Bravery, a highlight of the Shambhala teachings, is one of the
unconditioned qualities that arises as we continue to practice. On the
sacred path of the warrior, which defines bravery as “the act of both personally and socially manifesting,” we
combine meditative insight with social application. My father, Chögyam
Trungpa, who founded this lineage, explained it this way: “You might have shamatha–vipashyana awareness happening all the time. But on top of that, you have to keep up with your actual day-to-day life.” The
first form of bravery is being free of deception. If we are engaged in
deception, we are intentionally covering up a bit of nonvirtue. It is
difficult to be forthright, open, and genuine. We just go through the
motions, so much that we fool even ourselves. Perhaps we have been
wearing the clothes of spiritual lifestyle, memorizing the words of
spiritual speech, and having spiritual thoughts. Maybe we have even
encountered brave individuals on the path. But we have not had the
bravery to truly manifest in our daily life.
Abruptness snaps our mind out of discursiveness and habit. Coming
face-to-face with our deception, there is a moment of challenging
ourselves. To practice truly being present, we cannot vacillate in the
moment of immediacy. We must leap if we are to overcome our mockery of
awakenment. Whether
we find ourselves suddenly returning to the breath in meditation,
suddenly leaping beyond stinginess at work, or suddenly manifesting
courageousness at the time of death, having this level of bravery is a
game-changer. The advantage has shifted from asleep to awake—in
Shambhala terms, from the setting sun to the Great Eastern Sun. Leaping
appears abrupt, in contrast to hesitant engagement. To a novice, the
moves of a martial artist might also appear abrupt. But warriors of the
martial arts are able to move suddenly as a result of training—years of
studying their own minds and bodies as well as simultaneously knowing
their environment. This is demonstrated in The Art of War,
where Sun Tzu presents a sudden attack as the result of a well-trained
army. The warriors’ ability to jump into the situation comes from not
living in the deception of past or future. They are immediately in the
present. Since they are comfortable in the present and because their
virtue is up-to-date, they have left nothing exposed; there is nothing
to fear. Knowing themselves and understanding the situation enables them
to leap. In
our own case, lack of abruptness indicates ambivalence toward ourselves
and our environment. We feel cautious and overanalytical. We would like
to lead life with a thirty-second delay. Rather than addressing
deception at the root, we would rather not live fully.
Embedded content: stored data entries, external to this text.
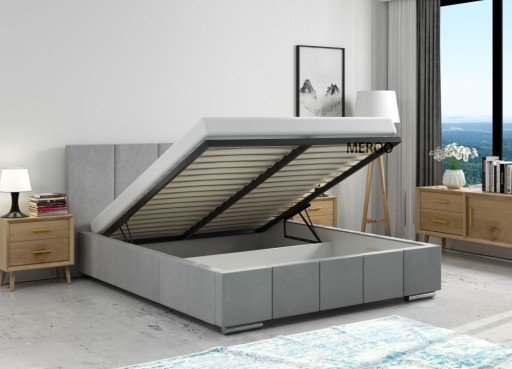 W standardzie łóżka pojemnik na pościel, stelaż drewniany otwierany za pomocą podnośników sprężynowych: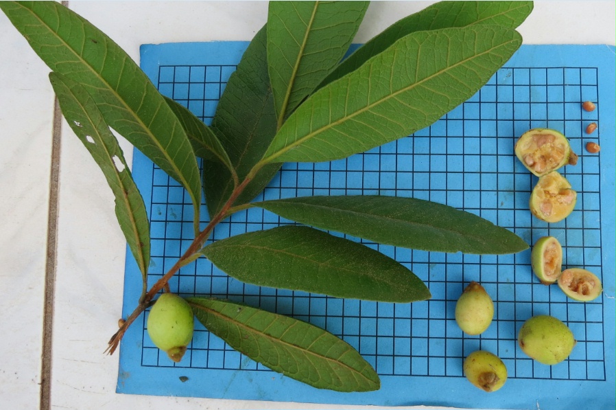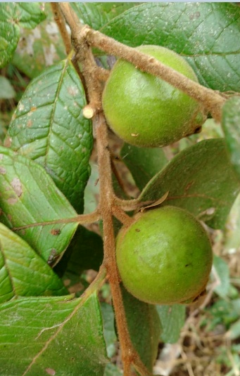 Inicialmente pensamos ser um Psidium apendiculatum, conforme sugestão do Helton, ver link na sua pagina em http://www.colecionandofrutas.com.br/psidiumappendiculatum.htm Entretanto na opinião do Marcos Sobral trata-se de um P. cupreum, que antes era sinônimo de P. rufum, mas hoje foi sugerido a separação. o P. rufum é conhecido como Araçá roxo, mas existem variações. Provisoriamente estou listando com este nome. |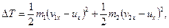 Рівняння (20.41) виражає таку теорему: втрачена при ударі кінетична енергія дорівнює Справді, ліва частина рівняння (20.41) - це різниця значень суми кінетичних енергій тіл до і після удару, а в правій частині стоять вирази, які за своєю структурою збігаються зі значеннями кінетичних енергій для тих швидкостей, які тіла втрачають при ударі. Для зручності обчислень формулу (20.41) можна переписати так:

Our hesitancy is
an attempt to cover our exposed areas. We cannot truly be brave. The
inability to show up in our life at the moment of truth is a mockery of
our own supposedly spiritual principles. It
is all too easy to become entangled in mockery’s trap, where we read
without doing, write without living, speak without invoking, or meditate
without realizing. To stay in this trap is dangerous for the warrior,
for it creates a husk of detachment. Because this husk is invisible, we
are unable to see our own deception. As
for why we are often unable to leap, it is a matter of being attached
to our habits, and at the same time, frightened of egolessness. Habit is
synonymous with ego. We do not want anything to penetrate us. We see
situations that are immediate or uncomfortable as threatening; they are
threatening our habit. We are afraid of taking that leap. Egolessness
indicates freedom and space. Leaping into that space is the Shambhala
principle of true spirituality entering into our entire life. Abruptness
is the moment we show the depth of our character as well as our
training. It shows that we have established the reasons we want to live
and manifest according to the principles of awakenment. We have worked
through habitual patterns and laziness. With abruptness—that moment when
we switch our allegiance from habitual pattern to awake mind—we move
forward. We shed our cowardice, traversing from indecision and fear into
genuineness and lucidity. If there are any threads of deception, they
are quickly exposed. We have left the land of make-believe and entered
the moment of actually embodying warriorship principles.